Edit: I might be off by a factor of 2, not sure if the SIMD throughput is per-core or per-thread. Also thermal throttling. Same ballpark though!

Well UUID generation isn’t going to be quite as SIMDable as counting so the analogy breaks down there partially because of that. And += 1 isn’t a very SIMDable operation? Unless I guess you create a mask of +1, +2, +3, +4 and add that to your base number to generate those offsets (which only works with avx512 - avx2 can only do 2 increments since these are 64bit integers)

Then your 32 HT threads aren’t really going to give you full access to the underlying SIMD registers which are going to be per core which is where I assume you realized the 2x difference might show up?

And to do += 1 multithreaded you have to partition the range or you won’t get any speed up - if you don’t amortize the cost of atomic synchronization across threads you’re going to be going slower than a non-SIMD increment.

Yeah, but a nation state server farm can probably cut that down to minutes because their budget can buy a lot of processors. You only need a few hundred to really shrink it down to manageable numbers. And it turns out that nation starts aren't the only ones that have this budget
What's the threat here?

It's trivial to force a collision.

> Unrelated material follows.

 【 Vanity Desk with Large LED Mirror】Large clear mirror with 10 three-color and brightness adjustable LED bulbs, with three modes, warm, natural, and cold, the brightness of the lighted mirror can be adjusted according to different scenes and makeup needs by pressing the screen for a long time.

Here's the same UUID twice:

6e197264-d14b-44df-af98-39aac5681791

6e197264-d14b-44df-af98-39aac5681791

Typically, you don't care about UUIDs that aren't in your system and you generate those yourself to avoid maliciously generated collisions. Your system can't handle 2^61 IDs. It doesn't have the processing power, storage, or bandwidth for that to happen. Not to mention traditional rate limiting.

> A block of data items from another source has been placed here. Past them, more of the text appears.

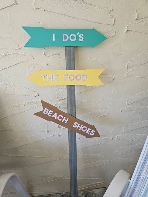 So I've been wanting those signs for beach wedding, but $89 - $150 on Etsy was a big "no" for me. I was at the Dollar Tree and saw white wooden arrows that said "reception", "cocktails" and something else. I grabbed them! ($3.75) Went to Lowe's for...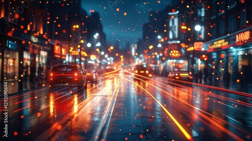 Night City Street with Blurred Lights and Reflections on Wet Road. Generative AI
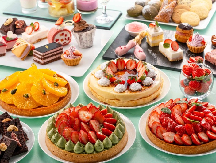 苺のタルトや苺のモンブラン、苺のパフェなど苺が主役のスイーツを31種、ピザやローストポーク、シーフードのエスカベッシュなどのライトミールを10種ご用意いたしました。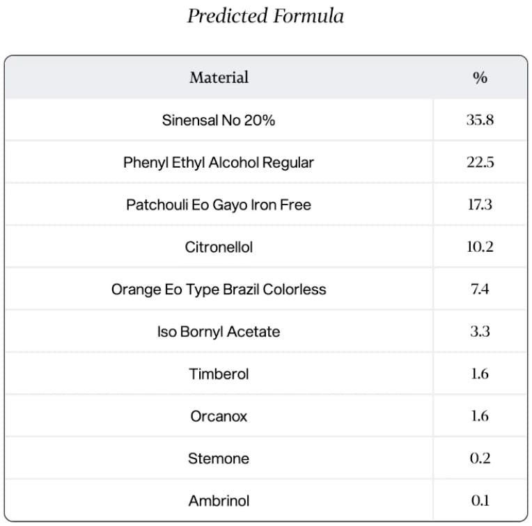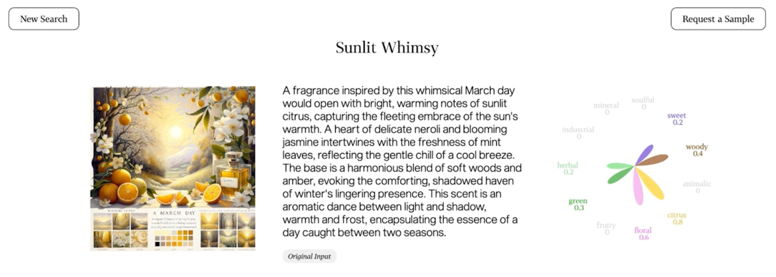 For clients, the process begins with a creative brief, via text, image, or audio, describing the intended narrative or emotional arc of the fragrance. Osmo’s OI system parses this input, interprets the semantics, and generates an initial fragrance formulation. This is then refined through additional suggestions/alterations from the client with the assistance of master perfumer, Laudamiel, followed by the synthesis and delivery of a physical sample. The iterative process is therefore cut down from ~3 months to only days/weeks.

The last several comments were responding to

>2^61 is still a very large number of course, but much more feasible to reach than 2^122 when doing a collision attack. This is the reason that cryptographic hashes are typically 256 bits or more (to make the cost of collision attacks >= 2^128).

I'm not sure. 6ghz is around 2^61 CPU cycles in 12 years. I.E. basic CPU instructions; counting, not computing a cryptographic hash. Otherwise, where is the cluster that's bruteforcing ~122 bit cryptographic hash collisions in minutes?
I think you might have trouble if you tried to assign one to every iron atom in an iron filing.
2^61 guids is... 36 exabytes, if my napkin math is correct. when storing them in binary format(16 bytes each) if doing the javascript thing and storing them as strings... (shudders) I don't even want to think about it.

Anyhow that was my first thought when you mentioned 2^61 guids, where are you even going to put them? second thought, I don't think enumerating 2^61 guids is trivial, in fact, I suspect it would take longer than anyone would be willing to spend, and if you are not storing them why are you generating them?

And what even is a guid collision attack? it is not like they are a hash, and since they tend to be public identifiers it turns out despite their stated use to prevent collisions, you can't really use guids generated by others(if they wanted collisions they would straight up just copy yours) so you end up regenerating them anyway.

* not the birthday paradox, but the birthday bound.